Ingediend | 8 oktober 2018 |
---|---|
Beantwoord | 17 oktober 2018 (na 9 dagen) |
Indiener | Henk van Gerven |
Beantwoord door | Bruno Bruins (minister volksgezondheid, welzijn en sport) (VVD) |
Onderwerpen | ziekten en behandelingen zorg en gezondheid |
Bron vraag | https://zoek.officielebekendmakingen.nl/kv-tk-2018Z17864.html |
Bron antwoord | https://zoek.officielebekendmakingen.nl/ah-tk-20182019-301.html |
Voor het antwoord op deze vraag verwijs ik naar mijn antwoord op vraag 1 van het lid Agema (Aanhangsel Handelingen, vergaderjaar 2018–2019, nr. 299).
Het Zorginstituut baseert zich op het gedeelte van de MINDACT-studie waarbij de groep die volgens de MammaPrint is behandeld (en dus geen chemotherapie heeft gehad), wordt vergeleken met de groep die volgens de standaardtest is behandeld (en dus wel chemotherapie heeft gehad). Door die gerandomiseerde groepen te vergelijken kan een uitspraak gedaan worden of de toepassing van de MammaPrint leidt tot gezondheidswinst (in termen van overleving en kwaliteit van leven) ten opzichte van de huidige zorg. In alle beoordelingen vergelijkt het Zorginstituut de nieuwe interventie of test met de huidige standaard in Nederland. Anderen hebben gekeken of ze de overleving van de groep behandeld volgens de MammaPrint voldoende groot vonden («uitstekende kans op genezen»), gemeten aan een vooraf bepaalde grens en dus niet in directe vergelijking met de huidige standaardtest AO!.

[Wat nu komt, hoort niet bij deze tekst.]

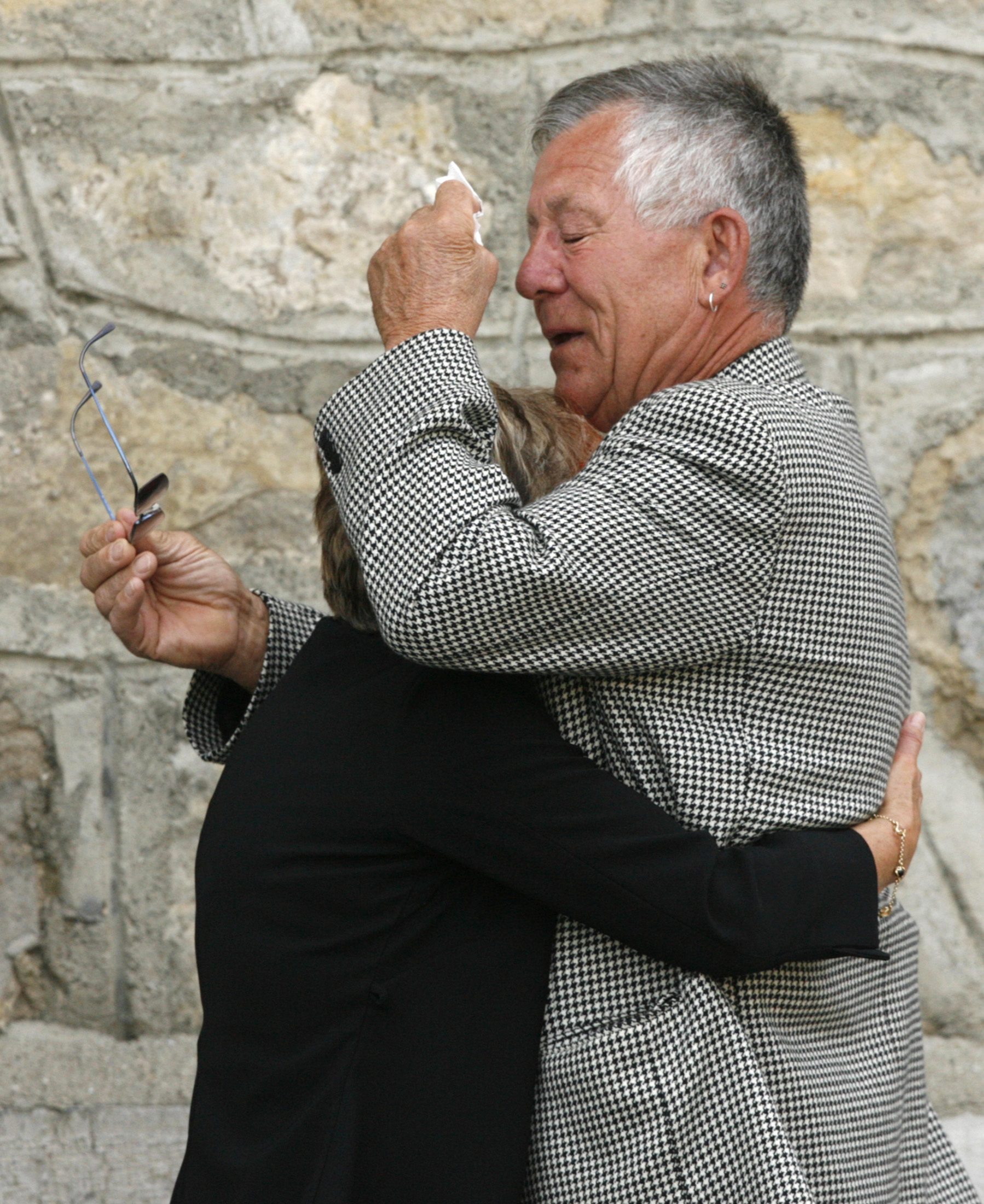 | An unidentified couple reacts outside the church before a ceremony for the victims of a coach crash in Allinges June 3, 2008. Seven children were killed when a train collided with a school bus at a level crossing in eastern France on Monday, French authorities said. [Agencies] |

Het Zorginstituut gaat er niet van uit dat het effect van chemotherapie onzeker is, integendeel. Het Zorginstituut heeft beoordeeld wat het voor vrouwen betekent als ze op basis van de MammaPrint afzien van chemotherapie. Gekeken is of de nadelen hiervan in termen van toename van uitzaaiingen en sterfte daadwerkelijk beperkt zijn en opwegen tegen de voordelen van afzien van chemotherapie in vergelijking met patiënten die op basis van de uitkomst van de standaardtest wel met chemotherapie zijn behandeld. Hieruit blijkt dat een klinisch relevant voordeel van chemotherapie in deze groep niet kan worden uitgesloten. Er kan daarom niet gesteld worden dat er veilig kan worden afgezien van chemotherapie. Op basis van de onderzoeksresultaten kan echter ook niet worden geconcludeerd dat het aantoonbaar onveilig is om chemotherapie bij deze vrouwen achterwege te laten. Het Zorginstituut vindt dat er wetenschappelijk teveel twijfel is of chemotherapie veilig achterwege kan worden gelaten. De onderzoeksresultaten wijzen op dit moment in de richting van mogelijke onveiligheid en leiden tot de conclusie dat toepassing van de MammaPrint mogelijk tot aanzienlijke extra sterfte leidt.
Ook de beroepsgroep concludeert in zijn richtlijn dat genexpressieprofielen, zoals de MammaPrint, geen voorspellende test vormen voor het effect van chemotherapie en dat op basis van de MINDACT-studie een voordeel van chemotherapie niet helemaal kan worden uitgesloten gezien de korte follow-up en de grote betrouwbaarheidsintervallen in de groepen.
Zie antwoord vraag 2.
Ik kan mij de teleurstelling onder artsen en patiënten wel enigszins voorstellen. Ik wil hierbij wel opmerken dat de Nederlandse behandelrichtlijnen in vergelijking met het buitenland terughoudend zijn. Dit betekent dat chemotherapie al relatief weinig ingezet wordt als adjuvante behandeling. Ook ik zou graag zien dat er een bewezen effectieve diagnostische test in aanvulling op de standaardtest AO! was op basis waarvan een aanzienlijk deel van de vroeg stadium borstkankerpatiënten veilig kan afzien van chemotherapie. Het standpunt van het Zorginstituut dat de MammaPrint geen bewezen meerwaarde heeft op de standaardtest, is doorslaggevend en daarom behoort de MammaPrint niet tot basispakket.
Voor het antwoord op deze vraag verwijs ik naar mijn antwoord op vraag 6 van het lid Ploumen (Aanhangsel Handelingen, vergaderjaar 2018–2019, nr. 300).